The second step to controlling excess foot motion is to preserve and maintain natural foot shape where our foot is level and the toes are spread. The Hallux, or big-toe, position is intimately important for controlling foot and arch function. Additionally, when the Hallux is grounded and spread away from the second toe, the motion of the Medial-Longitudinal arch height is subtly limited. For low-arched individuals whom are working to strengthen their feet or to correct structural misalignment, Correct Toes and achieving natural foot shape will be key.

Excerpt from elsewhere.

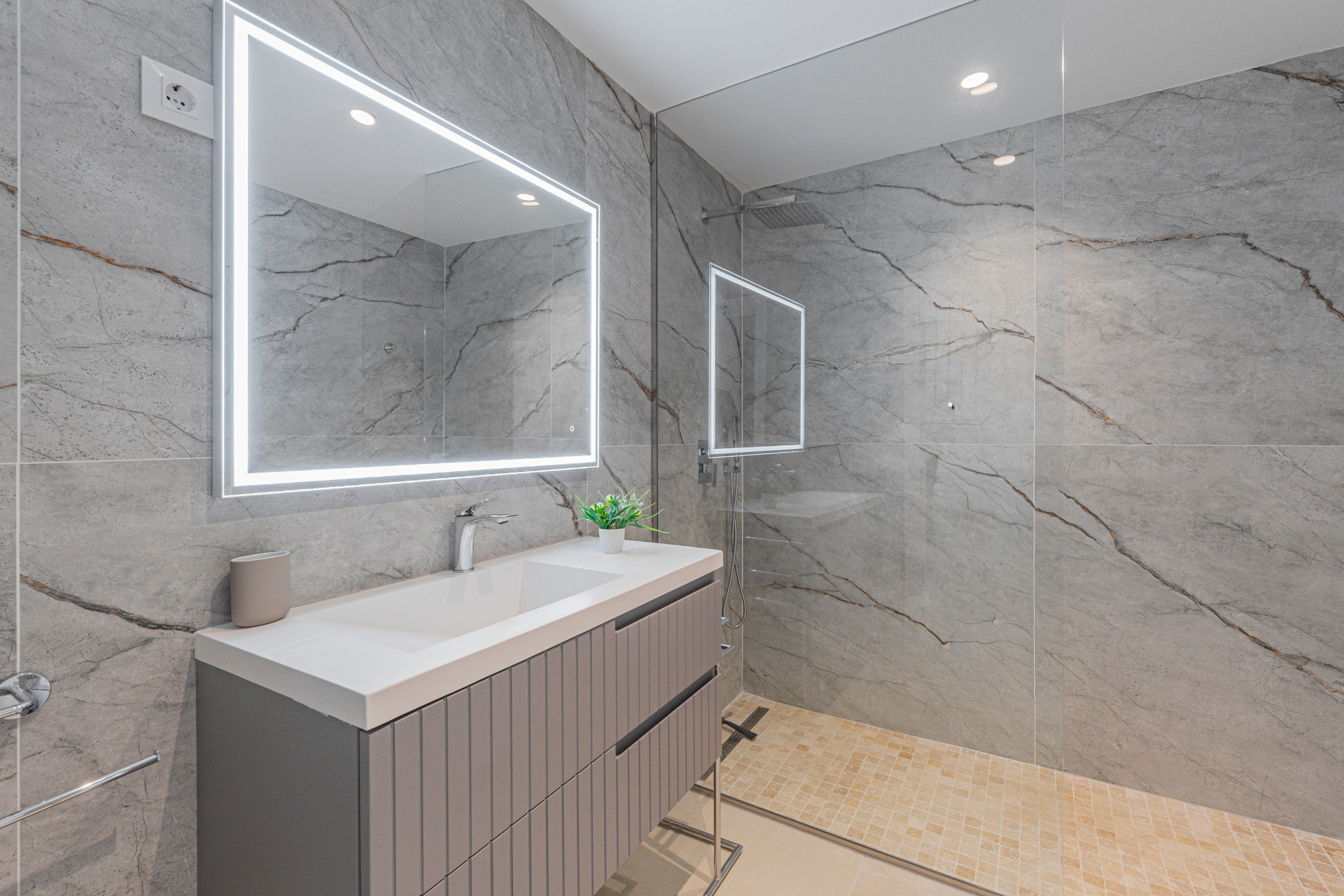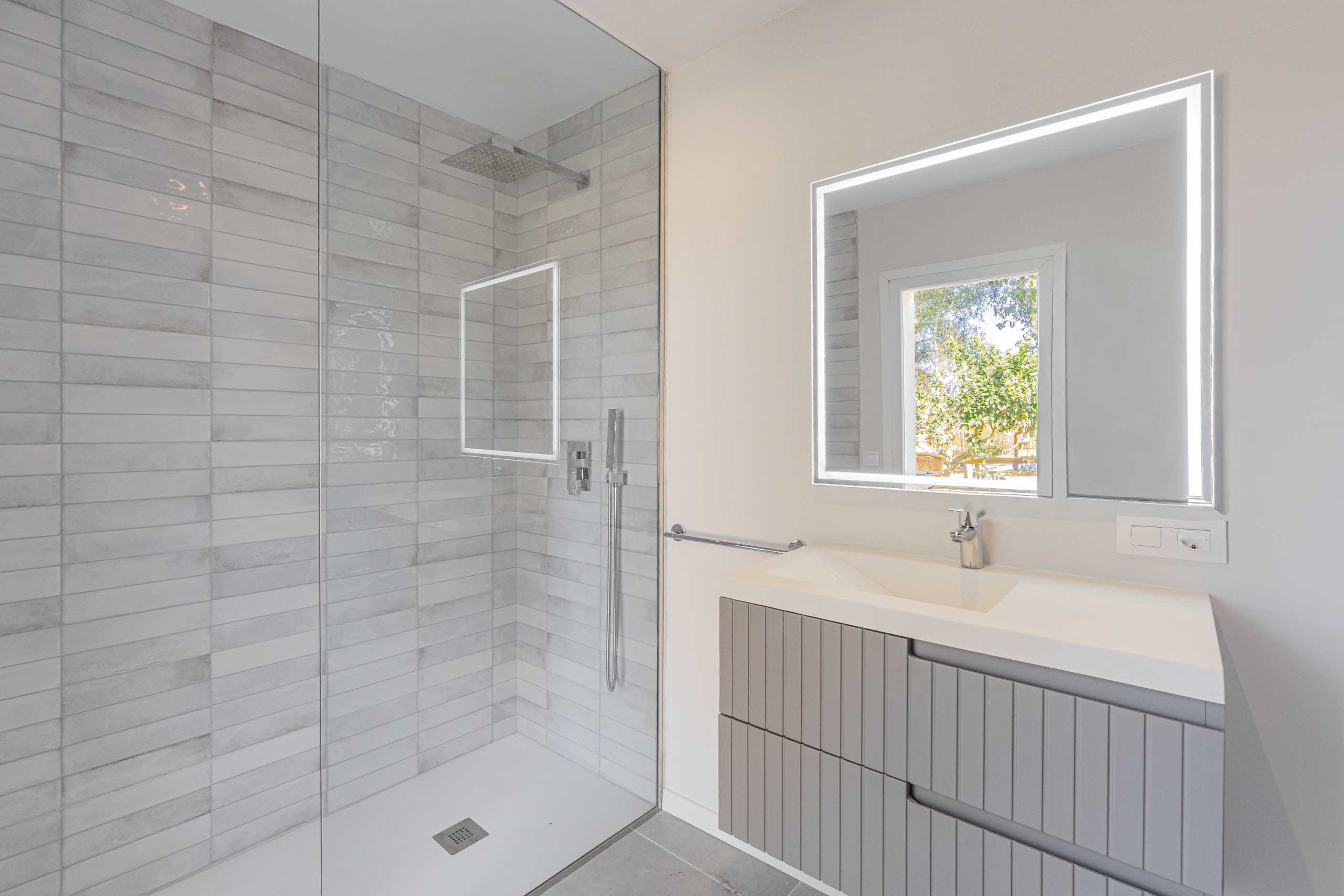 Segunda planta: 2 dormitorios, uno de ellos con baño en suite con ducha, WC y doble lavabo, y otro baño adicional en esta planta. En el exterior encontrarás una piscina privada (1,20 m x 1,80 m de profundidad) perfecta para refrescarte en los días soleados, junto con una ducha exterior y un baño adicional con ducha y WC en la zona de piscina.

“Can I show this on the ground here? So, in other words, if you wear a shoe, like most of the shoes out there, and your toes are pinched in, and your heel is up, and your toes are up, your arch is going to pronate more than it would ordinarily. Because that is not the position that our foot is built to bear our weight in. If you can find yourself in shoes where your heel, one end of your arch, is flat and level at the other end of your arch, which is your forefoot, most people will not pronate too much from this configuration. Most people will pronate just the right amount to absorb their body weight and the shock and supinate just the right amount. It is only when we let the toe go over, which is where most shoes, even athletic shoes, hold the toe, that we then end up seeing too much of that pronation.” — Dr. Ray, McClanahan, DPM
Occasionally high-arched individuals are chastised for having ‘too much’ space under the arches. Increased arch height is also not an indication for arch failure. However, high arched feet can generally be more rigid than most foot types. When arches are too rigid, they do a poor job absorbing impact or dampening the forces of gait. Rigid arches can fail to adapt to changes in surfaces, lacking finesse or refinement to control balance. Rigid arches are most often the result of bone and joint shape preventing motion, or linked to ligament rigidity and stiffness. Similar principles apply to the treatment of a rigid-arch. Rigid arches perform better when they are allowed to move and feel. Use of flexible footwear will allow rigid feet to better sense surrounding environments. Naturally shaped footwear will increase base of support size and foundation, improving balance. Flat footwear will encourage weight to be evenly dispersed across the whole foot.
Regardless of where you fall along the arch spectrum, individuals with low arches or high arches can also achieve foot health! The biggest factor to maintaining a healthy foot will be how your arches move, not how they look. Footwear shape and construction plays a key role in the function of the foot arches. It’s important to purchase shoes that will have a naturally shaped toe box to encourage proper alignment of the toes—as toes can play a critical role for maintaining arch function. Correct Toes can also facilitate natural alignment of toes, helping to align the Hallux and stabilize the Medial-Longitudinal arch. Footwear should also be level from heel to toe so arches can load and move evenly. Ideal healthy footwear will also be flexible to encourage natural movement of the arches to foster impact absorption and aid balance.